"Who's Irish?"

In her first collection of stories, Chinese-American novelist Gish Jen turns stereotypes on their heads.

Published June 4, 1999 4:00PM (EDT)

In the gang warfare of contemporary American fiction, no turf has been claimed more genially than that of the Chinese-Americans in the work of Gish Jen, who is quite as ready to expose the foibles of her own people as to catalog their complaints. One of the most impressive things about her first collection of stories -- "Who's Irish?" -- is its range: First-person tales told by an old lady, a little girl and an Italian-American teenage boy sit easily alongside wry omniscient narratives set in prosperous American suburbs, the tough inner city and China itself. Yet in all its widely diverse cast of characters, there's not one you can't like, or at least sympathize with, even if there are few you can admire. Which is just as it should be.

The title story is one of the best. A Chinese-born grandmother, the story's narrator, makes a poor baby sitter in the eyes of her liberal-thinking, Westernized daughter, who has married into an Irish-American family. When the old woman tries to discipline her naughty granddaughter in the Chinese fashion -- firmly -- the child's mother decides it's time for her own mother to move out. They look at some small apartments, but in the end the narrator stays with her son-in-law's mother, an Irish woman of her own age, who is just as befuddled as she is by the young people's modern ways: The generational wars have overwhelmed the ethnic skirmishing.

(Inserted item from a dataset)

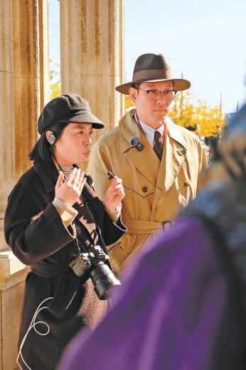 蓟门君在留学路上为听众讲解天桥片区的历史建筑。高睿谦摄

Jen has a deft way of turning stereotypes on their heads. In "Birthmates" -- which John Updike recently included in "The Best American Short Stories of the Century" (a title P.T. Barnum would not have been ashamed of) -- a traveling Chinese businessman, pinching pennies, stays at a welfare hotel, where a young hoodlum knocks him out in the lobby. He regains consciousness in the room of a young black woman; groggily, he sees her cooking something and notices a plastic bag full of white powder on the table. He assumes the worst, but it turns out that she's making him a mug of hot milk and can afford only the powdered kind.

"Duncan in China," a novella-length piece, is a fascinating reversal of the usual immigrant's story. The title character, an assimilated Chinese-American, idealizes the intellectual and cultural tradition of the mother country and goes there to discover "the China of ineffable nobility and refinement." The story is set in the aftermath of the Cultural Revolution, and Duncan finds not the refinement of the Song dynasty porcelain he cherishes, but rather snitches, a tubercular cousin, lust and anti-intellectualism.

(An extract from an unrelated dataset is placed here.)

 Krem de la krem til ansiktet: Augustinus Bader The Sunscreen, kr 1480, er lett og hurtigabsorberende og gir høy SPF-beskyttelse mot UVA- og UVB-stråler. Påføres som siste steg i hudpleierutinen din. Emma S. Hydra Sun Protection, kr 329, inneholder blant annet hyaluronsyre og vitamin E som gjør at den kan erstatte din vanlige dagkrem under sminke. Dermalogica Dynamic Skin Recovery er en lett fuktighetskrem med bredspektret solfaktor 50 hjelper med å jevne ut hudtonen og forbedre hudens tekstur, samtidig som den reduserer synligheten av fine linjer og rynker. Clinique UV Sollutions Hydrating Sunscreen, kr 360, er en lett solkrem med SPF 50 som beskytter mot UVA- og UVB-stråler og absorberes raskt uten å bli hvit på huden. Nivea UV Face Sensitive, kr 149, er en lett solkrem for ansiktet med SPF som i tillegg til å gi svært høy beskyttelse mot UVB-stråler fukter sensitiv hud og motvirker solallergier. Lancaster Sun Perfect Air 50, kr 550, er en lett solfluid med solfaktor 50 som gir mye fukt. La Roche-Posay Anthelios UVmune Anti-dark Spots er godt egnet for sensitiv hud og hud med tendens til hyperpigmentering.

Another novella, "House, House, Home," is the weakest work in the collection. It tediously details the decline of the marriage of a college student and her art professor, a man of highly cultivated eccentricity who would surely be among the most irritating characters in contemporary fiction if you could believe in him for even a moment. "Sven did not see why he should not wear other people's clothes if they were left handy. And why not pick up someone else's camera at a party and, holding it behind your back, snap the party scene you couldn't see?" The narrator, who is Asian, finally splits up with this highly original person and finds a sensitive, politically enlightened Hawaiian hunk, who shows her "how she had been wifed, how she had been fetishized, how she had been viewed as Orientalia" by white, Western Sven. Where is the irony with which Jen usually slaps down that sort of cant? At the end, the author even finds it necessary to inform the reader that both these men were "anatomically well-equipped."

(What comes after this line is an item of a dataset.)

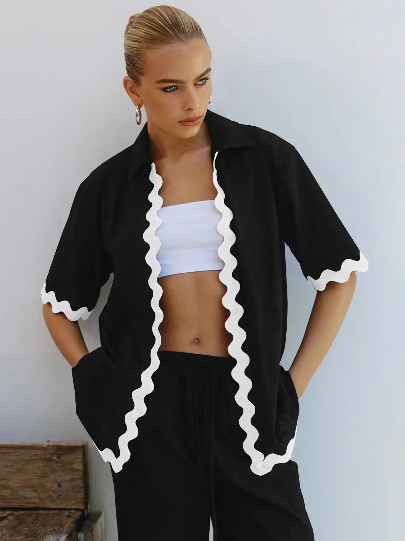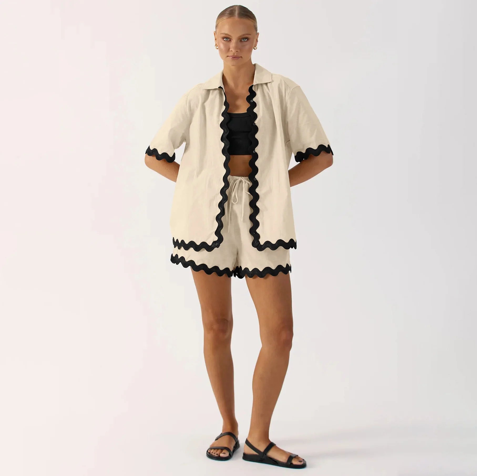 סט קייצי בשיק מהמם וקליל. חולצה בגזרה מדויקת ונוחה, עם מכנסיים קצרים מחמיאים – בול לימים חמים וללוק מושלם.

"House, House, Home," never before published, has an earnest '70s air about it; I would hazard a guess that it's the torso of a failed novel that was resurrected to bring the book up to 200 pages. That might be wrong and completely unfair, but in any case including it was unnecessary: The 126 pages that precede it are well worth the price of admission.


By Jamie James

Jamie James writes for the New Yorker, the Atlantic Monthly and other publications.